**WHAT YOU ARE ASKED TO DO**: Leave out the pictures, then output the lines of the records below from the first through the one containing "Involvement of ADAM17".

AVAILABLE DATA START

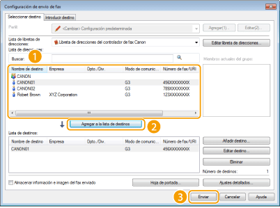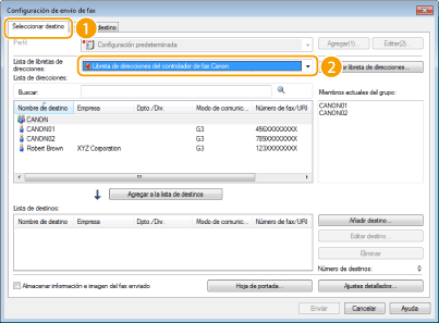 Seleccione la libreta de direcciones de [Lista de libretas de direcciones].
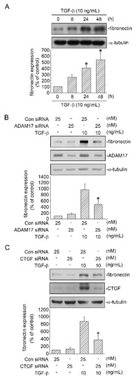 Involvement of ADAM17 and CTGF in TGF-β-induced FN expression in human lung epithelial A549 cells. (A) A549 cells were stimulated with TGF-β (10 ng/mL) for 0–48 h. FN and α-tubulin levels were detected in cell lysates through Western blotting. Data are presented as mean ± SEM of three independent experiments. * p < 0.05, compared with the control group without TGF-β treatment. (B) A549 cells were transfected with control siRNA (con siRNA) and ADAM17 siRNA (25 nM). After 24 h, the cells were stimulated with TGF-β (10 ng/mL) for an additional 48 h. FN and α-tubulin levels were detected through Western blotting. Results are presented as mean ± SEM of three independent experiments. * p < 0.05, compared with TGF-β plus the control siRNA group. (C) Cells were transfected with control siRNA (con siRNA) and CTGF siRNA (25 nM). After 24 h, the cells were stimulated with TGF-β (10 ng/mL) for an additional 48 h. FN and α-tubulin levels were detected through Western blotting. Results are presented as mean ± SEM of three independent experiments. * p < 0.05, compared with TGF-β plus the control siRNA group.
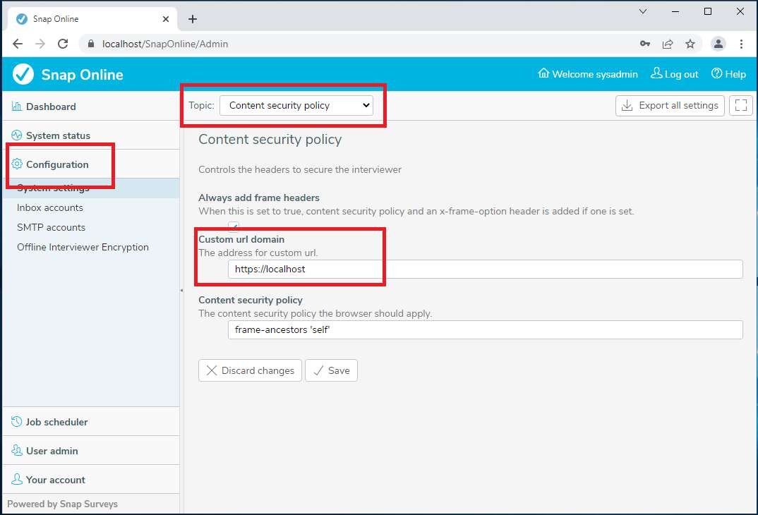 Select Configuration in the accordion and select the ‘Content security policy’ topic:
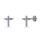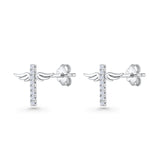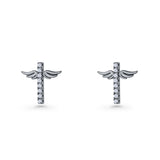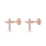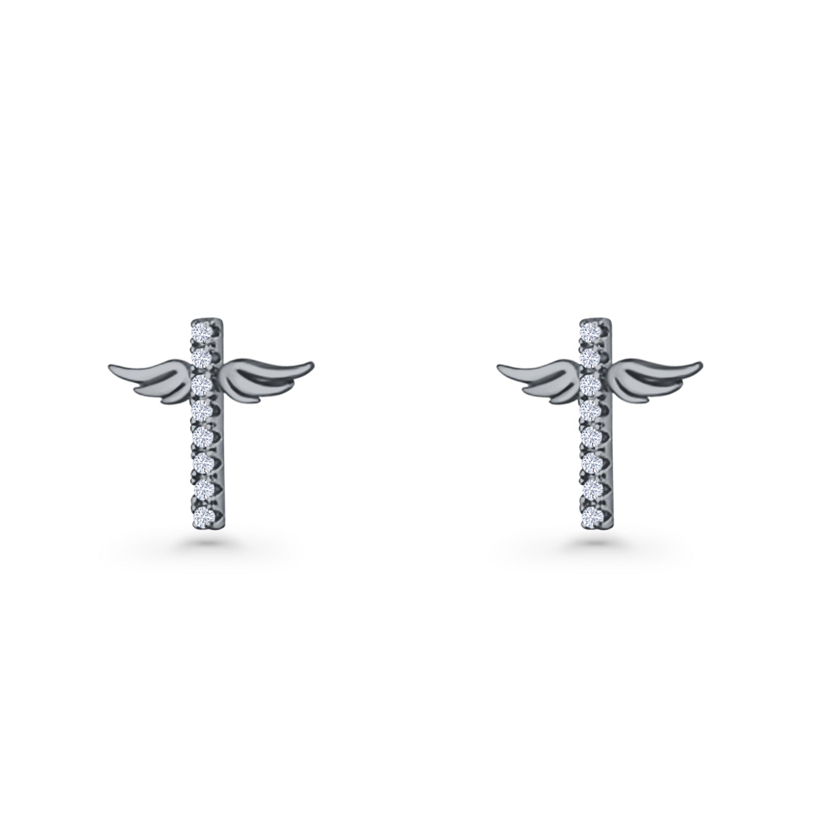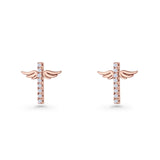 Design: Angel Wings Charms Cross CZ Stud Earrings.
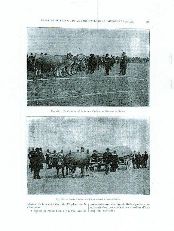 Voici un document ancien communiqué par Laurent Avon tiré du « Journal d’agriculture pratique » du premier semestre 1907, consacré aux boeufs de travail Aubracs au concours de Rodez.
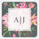 Adesivo Quadrado Monograma Floral Botânico de Peônia Rosa Rubi

AVAILABLE DATA END

**TASK OUTPUT**:
 Seleccione la libreta de direcciones de [Lista de libretas de direcciones].
 Involvement of ADAM17 and CTGF in TGF-β-induced FN expression in human lung epithelial A549 cells. (A) A549 cells were stimulated with TGF-β (10 ng/mL) for 0–48 h. FN and α-tubulin levels were detected in cell lysates through Western blotting. Data are presented as mean ± SEM of three independent experiments. * p < 0.05, compared with the control group without TGF-β treatment. (B) A549 cells were transfected with control siRNA (con siRNA) and ADAM17 siRNA (25 nM). After 24 h, the cells were stimulated with TGF-β (10 ng/mL) for an additional 48 h. FN and α-tubulin levels were detected through Western blotting. Results are presented as mean ± SEM of three independent experiments. * p < 0.05, compared with TGF-β plus the control siRNA group. (C) Cells were transfected with control siRNA (con siRNA) and CTGF siRNA (25 nM). After 24 h, the cells were stimulated with TGF-β (10 ng/mL) for an additional 48 h. FN and α-tubulin levels were detected through Western blotting. Results are presented as mean ± SEM of three independent experiments. * p < 0.05, compared with TGF-β plus the control siRNA group.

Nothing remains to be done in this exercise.